SONZOGNI S.; VIDELA RICHARDSON G.; OGARA M.F.; CÁNEPA, E.T.; SCASSA, M. E.

Mar del Plata

Congreso; XLIII REUNION ANUAL DE LA SOCIEDAD ARGENTINA DE INVESTIGACION EN BIOQUIMICA Y BIOLOGIA MOLECULAR (SAIB); 2007

SOCIEDAD ARGENTINA DE INVESTIGACION EN BIOQUIMICA Y BIOLOGIA MOLECULAR (SAIB)
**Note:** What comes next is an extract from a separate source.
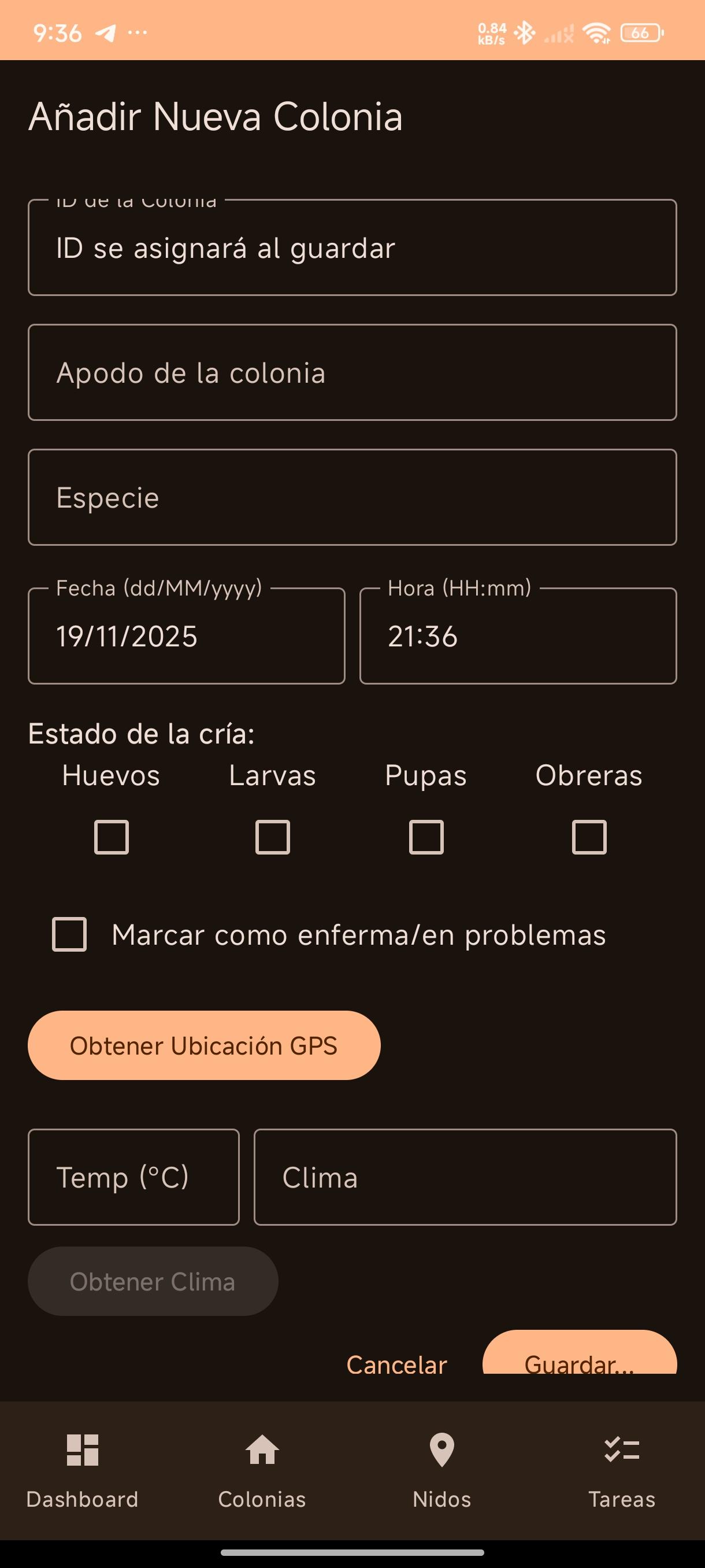 • Register colonies with information such as species, date, brood stage (eggs, larvae, pupae, workers), and whether they are diseased.

Cellular senescence is a state of stable cell cycle arrest triggered by stress strimuli. Disruption of DNA damage response prevents senescence and promotes transformation. Given the function of cyclin dependent kinase inhibitor, p19INK4d, in cell cycle arrest and DNA repair, the aim of this work is to elucidate if this protein is involved in this process. Senescence was induced with camptothecin. Treated cells exhibit characteristic of senescence such as flat and enlarged morphology, increase beta-galactosidase activity, cell cycle arrest and upregulation of p16INK4a and p21Cip1. Northern blot analyses show that p19 is uperegulated after camptothecin treatment in BHK cells. Levels of p19 peak at 12 h after camptothecin addition. This induction is dose dependent and starts at 20 nM. Reporter gene experiments with a construct harboring 2250 bp of p19 promoter indicate that camptothecin is acting at the transcriptional level. Abrogation of ATM kinase activity severely impairs genotoxic action. Transient expression assays with a mutagenized promoter construct reveal that up-regulation of transcription requires E2F. A significant increase in the percentage of cells undergoing senescence is observed in BHK stably overexpressing p19 when compared to wild type or p19 deficient counterparts. Our results suggest that p19 may influence the induction of senescence triggered by camptothecin.